Aristo ne talihli bir adammış! Ruhunu Hakk'a teslim ettikten sonra sadık bir öğrencisi Muallim-i Evvel'in kitaplarını sınıflandırmaya girişir. Fizik kitabından sonraya bu kitabı koyar. 'Fizikten sonra' anlamındaki 'metafizik'in serüveni budur. Bu kavram daha da talihli. Manevi bir anlam taşımaya başlayınca bir hürmet, bir hürmet! Sözlükler itiraz eder; itiraza itirazın sesi daha da gür ve yerinde. Öyle ki, fiziğin en ekstrem düşünürü bile kendisini bunun çekim alanından kurtaramıyor. “Tanrı zar atmaz” yargısı da neyin nesi diye sormaya bile gerek yok; adam ne dediğinin gayet farkında. Bunu anlamakta güçlük çekiyor olmamız izafiyetle değil, zafiyetle ilgili bir hadise. Metafizik, güçsüzlerin sığınağı ise, Albert Einstein'e 'zavallının teki' demek gerek; hâşâ, ne haddime!

Acaba depremin metafizik bir boyutu olabilir mi? Bilim olmaz diyor. Neymiş sebep? Öz'ümüzün enerjiyle dolup strese girmesi. Öz dediğimiz de babamızın hamuru, yani toprak. Kendimizi güçsüz görüp metafiziğin huzur veren durgun limanına sığınmakta bir mahsur yok. Biz kendimizi bilip burada duralım. İlâhi boyutuna burnunu sokmakla yetinmeyip Allah adına yargıda bulunmanın eblehliğine düşmek isteyen buyursun düşsün.

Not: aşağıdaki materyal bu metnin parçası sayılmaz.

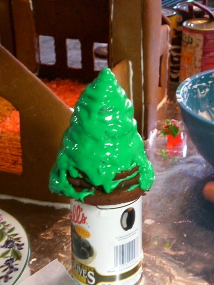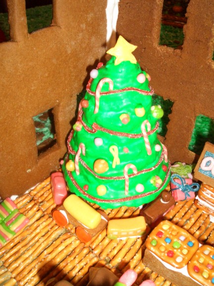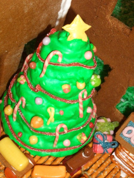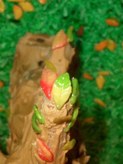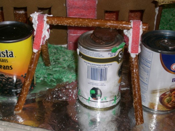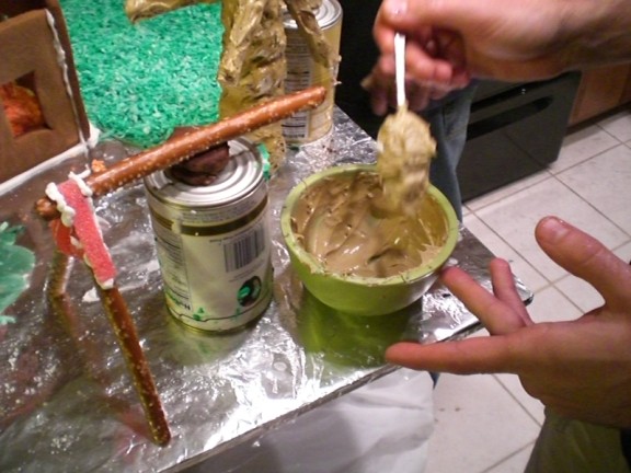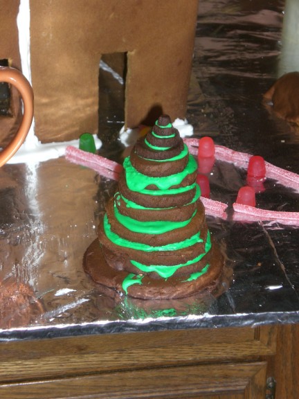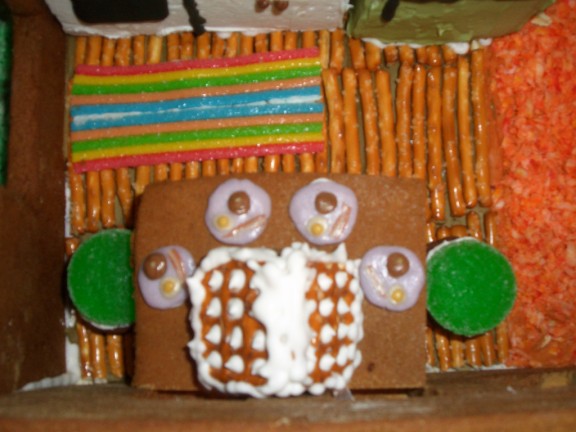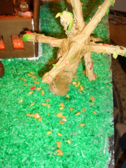 Adam’s tree was a major undertaking. I tried some ideas and none worked. He finally figured out that he could make a base with gingerbread disks glued together and coated with brown (tan?) icing and then use pretzels as the branches. Since it is the fall, a few colorful leaves remain on the tree (thanks Farris for the detailed work) and a bunch on the ground.

Bu kadim topraklar çok depremler gördü. Doğal depremler… Din depremleri… Siyasi depremler… Ekonomik depremler…

İbrahim'in sarsıntısıyla putların devrildiği inanç depremi… Hz. Peygamber'in, Arabistan Yarımadası'ndan başlayarak yavaş ama emin adımlarla kısa sürede kıtalarda hissedilen adalet depremi… Selahaddin Eyyubi'nin Kudüs depremi… Fatih'in Bizans'ı çökerten depremi… Emperyalistlerin Anadolu'yu baştanbaşa sarsan o hayâsız depremi… Erzincan depremi, Varto depremi, Marmara depremi, Afyon depremi… Ve nihayet Van depremi.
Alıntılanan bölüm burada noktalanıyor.